Look through the data below for the line with "男性向けラノベタイトル風あだ名 | 『この素晴らしい世界にまつおかふうやを!』 |" and the line with "2017 SUBARU OUTBACK", then output those two and all lines in between, exactly as written.
Top of Data records
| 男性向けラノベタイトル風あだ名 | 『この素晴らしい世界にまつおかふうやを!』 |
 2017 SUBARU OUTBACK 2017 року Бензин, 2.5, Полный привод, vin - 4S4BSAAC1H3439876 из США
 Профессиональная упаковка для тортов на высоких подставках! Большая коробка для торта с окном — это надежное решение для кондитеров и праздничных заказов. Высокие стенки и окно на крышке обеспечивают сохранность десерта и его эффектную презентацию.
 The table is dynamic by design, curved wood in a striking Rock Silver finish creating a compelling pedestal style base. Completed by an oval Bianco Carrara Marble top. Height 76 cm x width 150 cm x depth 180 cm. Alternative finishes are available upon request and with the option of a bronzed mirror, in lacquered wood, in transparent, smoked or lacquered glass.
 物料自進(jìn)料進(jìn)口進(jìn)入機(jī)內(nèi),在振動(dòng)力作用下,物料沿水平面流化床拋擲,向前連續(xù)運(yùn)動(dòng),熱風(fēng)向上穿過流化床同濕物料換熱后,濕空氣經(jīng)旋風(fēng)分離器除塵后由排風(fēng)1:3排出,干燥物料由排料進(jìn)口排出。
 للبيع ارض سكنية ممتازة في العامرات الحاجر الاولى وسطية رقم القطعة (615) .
Bottom of Data records
Top of Data records
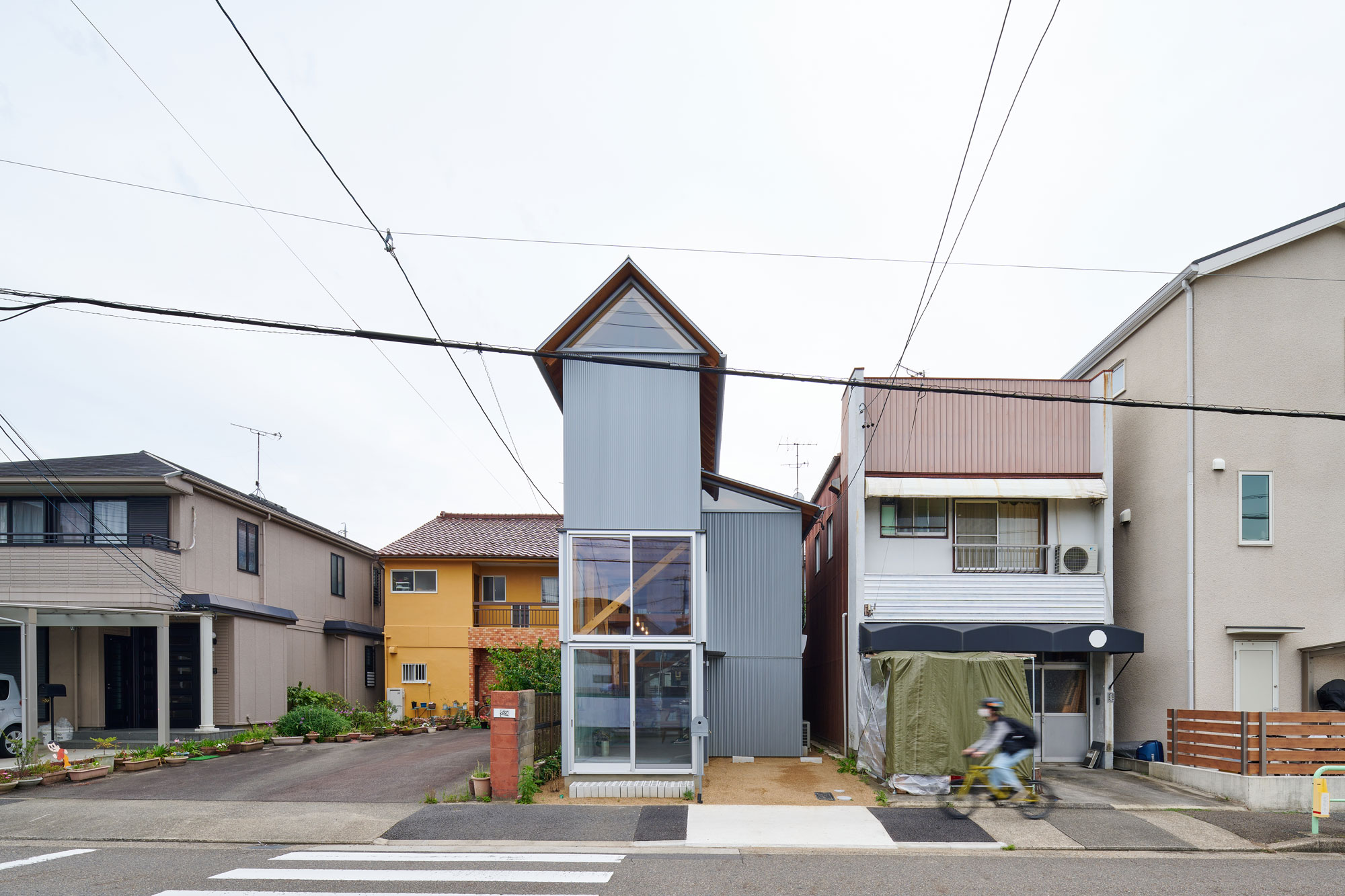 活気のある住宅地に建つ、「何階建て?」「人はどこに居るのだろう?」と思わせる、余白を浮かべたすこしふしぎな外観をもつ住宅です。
Bottom of Data records
Top of Data records
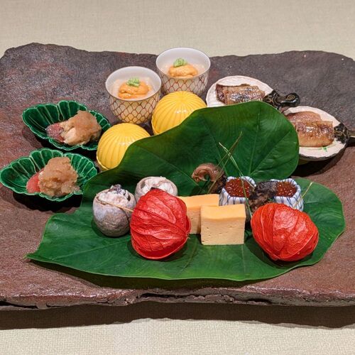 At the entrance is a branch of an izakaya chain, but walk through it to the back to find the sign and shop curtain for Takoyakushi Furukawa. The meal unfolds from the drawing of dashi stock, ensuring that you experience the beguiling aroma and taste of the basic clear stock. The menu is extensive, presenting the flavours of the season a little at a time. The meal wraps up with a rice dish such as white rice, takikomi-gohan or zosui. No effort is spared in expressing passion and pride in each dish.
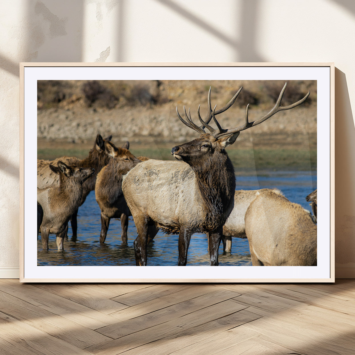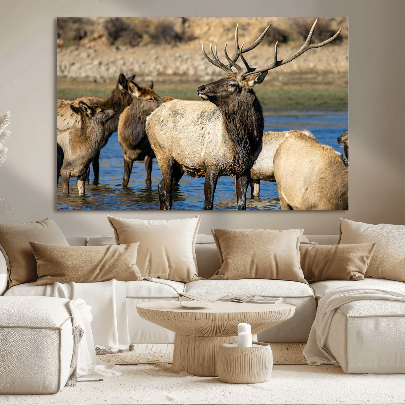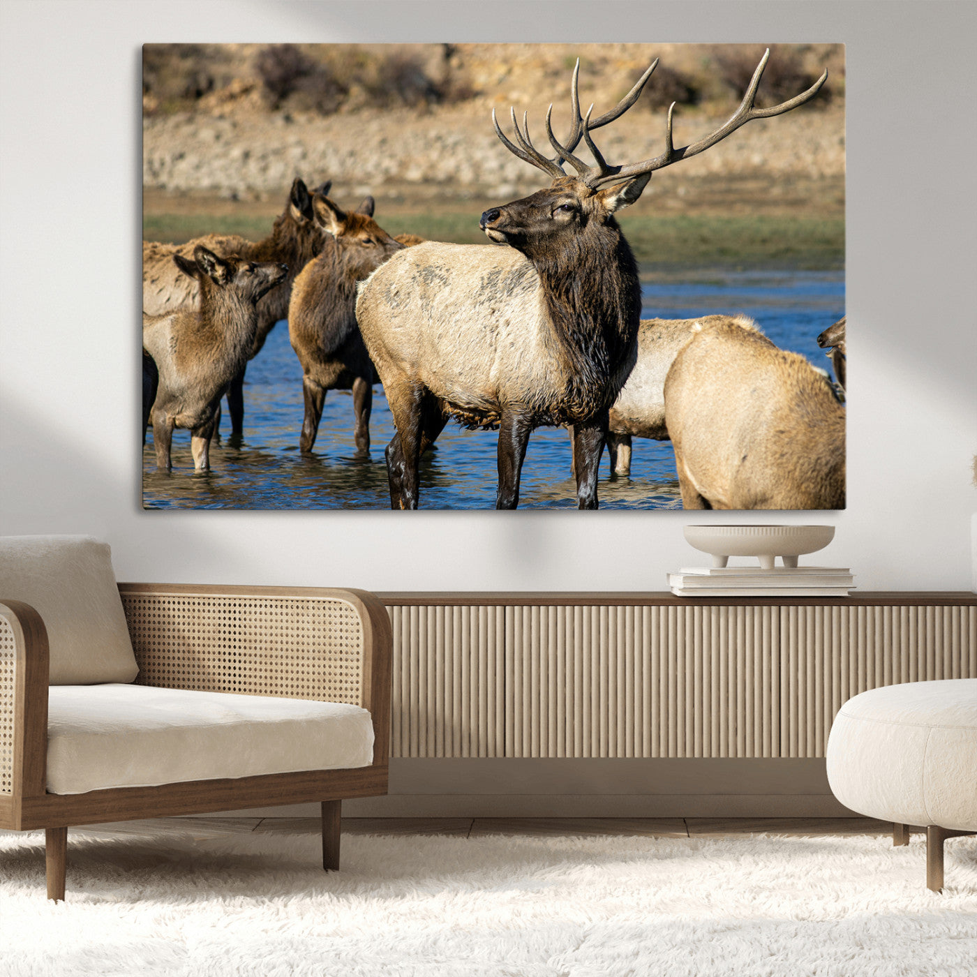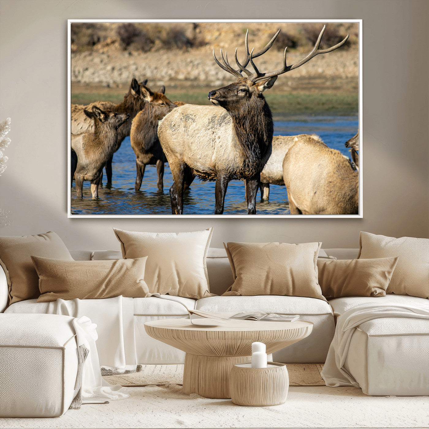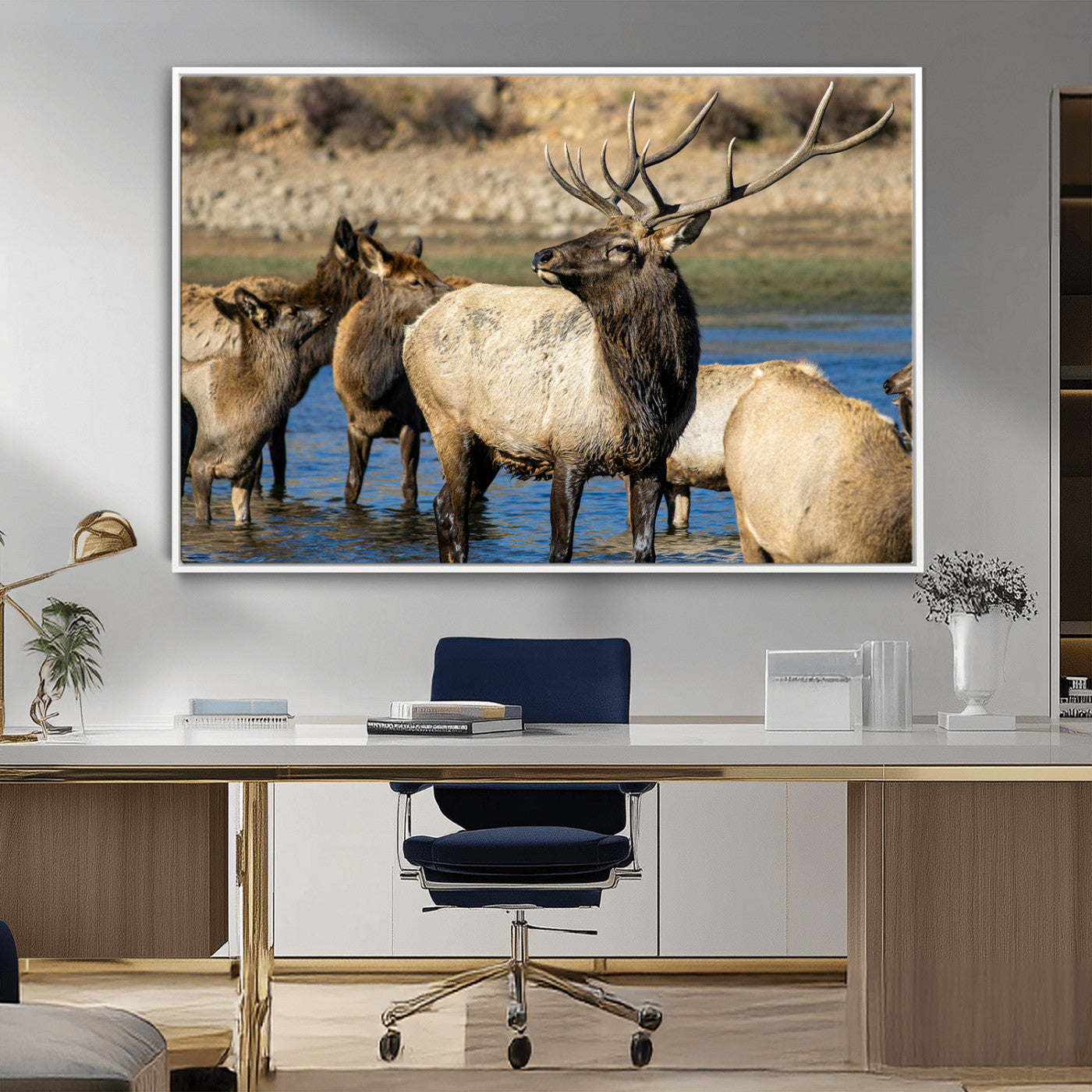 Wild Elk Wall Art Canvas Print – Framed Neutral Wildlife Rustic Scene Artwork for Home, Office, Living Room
Bottom of Data records
# [Answer space]
| 男性向けラノベタイトル風あだ名 | 『この素晴らしい世界にまつおかふうやを!』 |
 2017 SUBARU OUTBACK 2017 року Бензин, 2.5, Полный привод, vin - 4S4BSAAC1H3439876 из США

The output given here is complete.